Thursday, April 30, 2009

Cabin Fever

Sigh.
I'm still in Nashville. It's Thursday of week 4 in Nash, and the 9th straight week away from home. Of the past 61 days I've been home 8. And today, it hit me. I don't know what it was that did it. I've been fine up until this point. I think I got a little antsy in Indianapolis the last week or 2 as well. But today it was extreme. I felt weak and tired last night after work, but I thought it was just the MG. Today, I had almost a panic attack that I was running out of time to do the work, and yet I still had another week to go. I began to vent my stress to my manager, hoping he'd just talk me down, but instead he told me to go home for a week. So instead of finishing one more week here, I'm going to go home, finish up another job, and then head back here in a week or two to finish the last week. I don't know if that's crazy. I feel like it's giving up a little. I feel like I should be strong enough to have been able to finish. But apparently I'm not. I panic.
I finished a photo project that I've been working on for a year. It was a self portrait project. I had to take a picture of myself, any part of me as long as I was in it, every day for a year. Foot, toe, finger, ear, hair, eyeball... anything. And the goal of the picture was to capture the feel of the day. That didn't always happen, but I tried. It was a lot of work trying to think of something creative every day, and there isn't anywhere I went without the camera. But now it's done, and I have this sense of loss I think. Like a part of me is missing. I've gotten so used to taking and posting that picture everyday, and now that it's done, something isn't right. Oh, I'm happy for the break. I absolutely needed it. It was draining. But I still miss it. I'll probably go again, sooner than later. But right now I'm in the mourning process. And maybe that's why the homesickness hit so hard all of a sudden. Don't know.
Just know that I'm tired. I'm stressed. And I'm ready to be done. Get me out of Nashville.

Wednesday, April 22, 2009

Running Through My Head

"Music is the electrical soil in which the spirit lives, thinks and invents." - Ludwig van Beethoven

I find that this is true in my life. Live music is the best. It gives you a high like nothing else. I try and get to as many concerts and shows as possible without over doing it. Can you overdo it? I try and share a Song of the Day every week day with a few people. It consumes me some times... picking the right song. I used to be worried they would judge me for the kind of music I like or listen to, but I think I've gotten over that.
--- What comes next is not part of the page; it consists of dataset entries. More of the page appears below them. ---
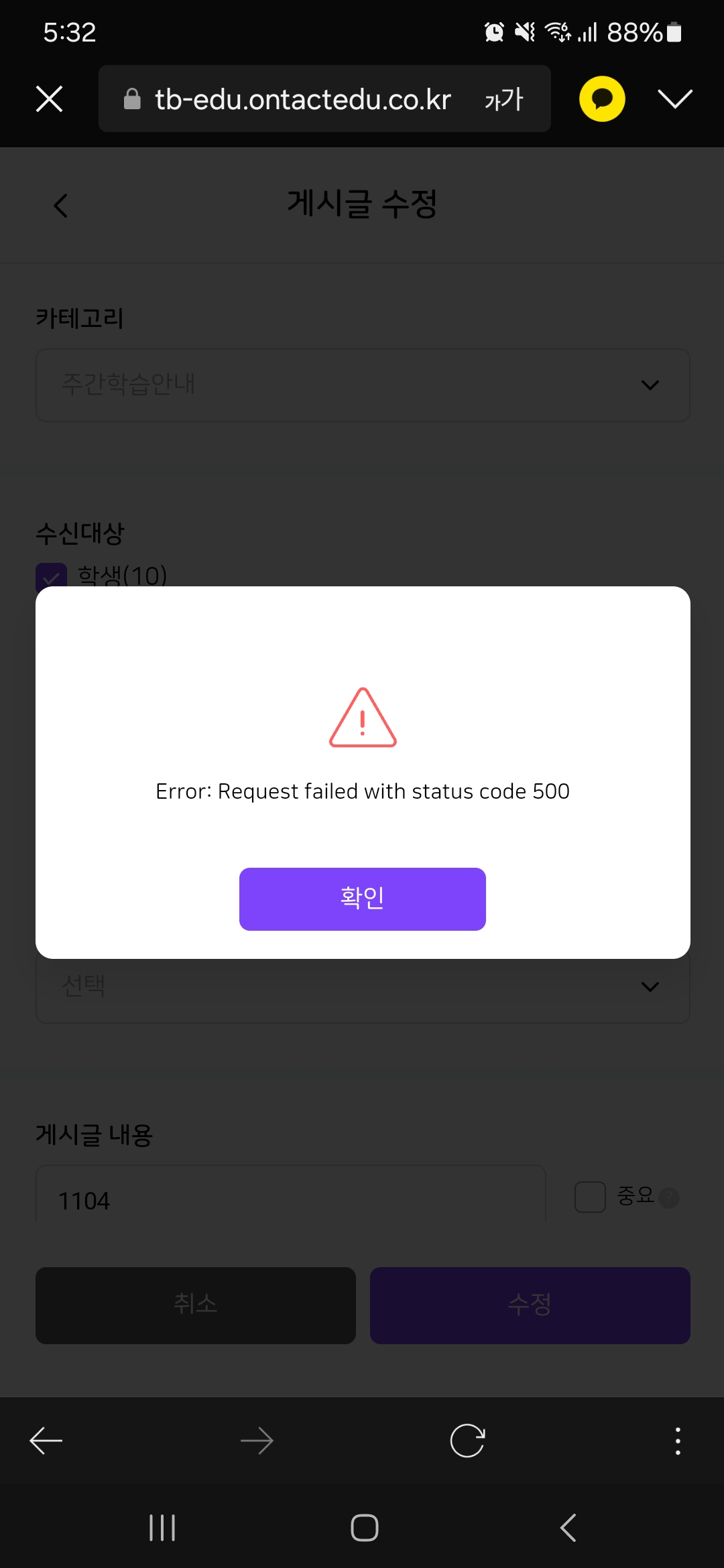| Description | 모바일로 우리반게시판 게시글 수정시 에러팝업 노출 | ||||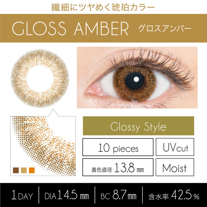 Tri-tone amber & beige under a soft brown ring give a glossy, bright finish. The 13.8 mm graphic enlarges gently for radiant, natural eyes.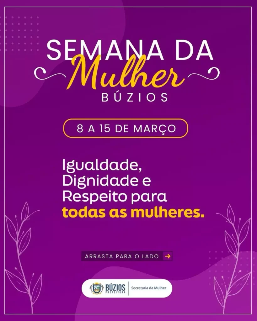 Em comemoração ao Dia Internacional da Mulher, que ocorrerá neste sábado (08), a Prefeitura de Búzios, através da Secretaria da Mulher, convida toda a comunidade para participar da Semana da Mulher, uma programação especial dedicada ao empoderamento, à cultura e à promoção da igualdade de gênero. Esta semana visa celebrar a força, a coragem e as conquistas das mulheres, além de refletir sobre os desafios e as oportunidades no caminho da independência feminina.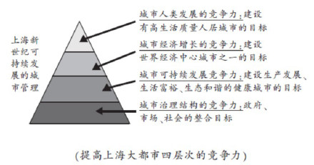 B.上海从治理结构、持续发展、经济增长、人类发展四个层面展开,逐步推进,非常具有规划性,实现了四个层次的竞争力的目标。
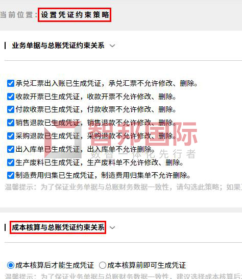 功能价值:智邦国际32.09版本,新增校验式对接生成凭证,提供“成本核算与总账凭证约束关系”全新策略,企业完全根据自己成本管理方式,按需选择成本核算后才能生成凭证、成本核算前可生成凭证,系统在业务单据对接生成凭证时,自动根据所选策略进行预校验,避免不合规流程、数据或操作导致业务、财务数据不一致、不正确等,大大提高财务效率和数据准确性。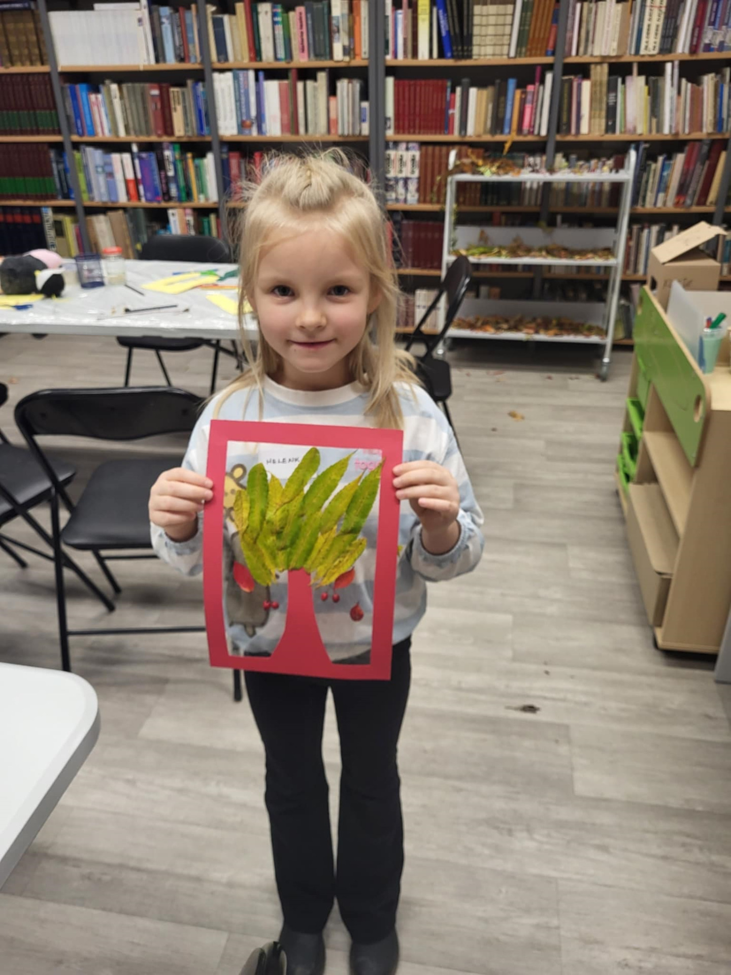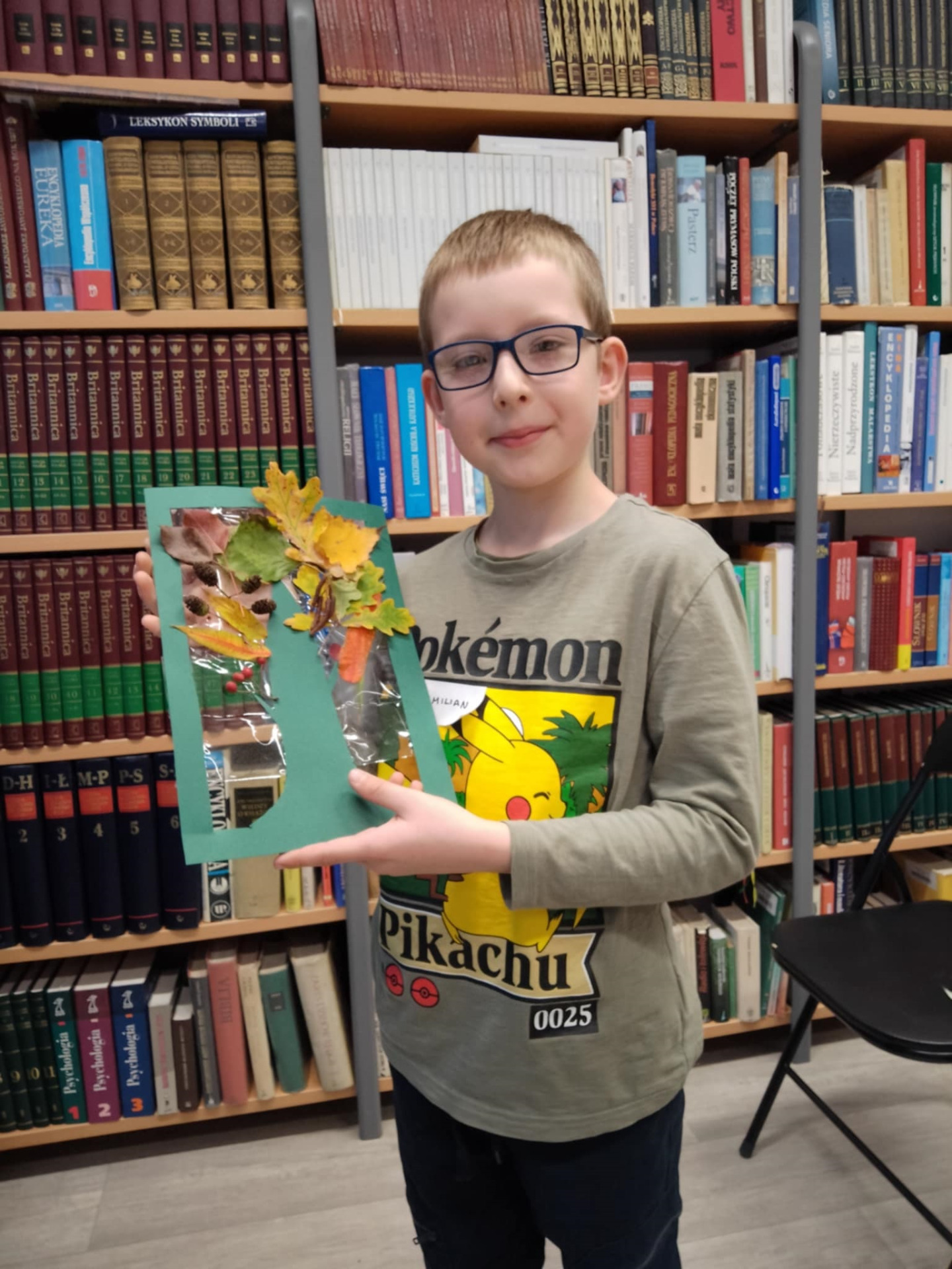 Wczoraj w bibliotece zrobiło się naprawdę magicznie! Podczas zajęć literacko-plastycznych „Jesienne bajanie” dzieci przeniosły się do świata książki „Złodziej liści”. Razem odkrywaliśmy jesienne tajemnice, szukaliśmy wśród regałów ukrytych zwierzątek – myszki, dzięcioła, ptaszka i wiewiórki , a także próbowaliśmy swoich sił w „ćwiczeniach wiewiórki” – z oddechem i równowagą na jednej nodze! Na zakończenie każdy uczestnik stworzył własny, kolorowy witraż drzewka z liśćmi, który przypomniał nam, że jesień potrafi być naprawdę piękna. Dziękujemy wszystkim małym artystom za wspólną zabawę, uśmiech i ciepłą atmosferę!

Mostly because I've realized it I like it, and that's really all that matters. I've called myself a music slut. For the most part I like everything and will give anything a try. It's such an emotional connection. And one song doesn't speak to someone the same as it does to someone else. That is the wonder of it. Soundtrack of my life.

Wednesday, April 15, 2009

Confusion

As always I am confused by life. Why have things gone the way they have gone?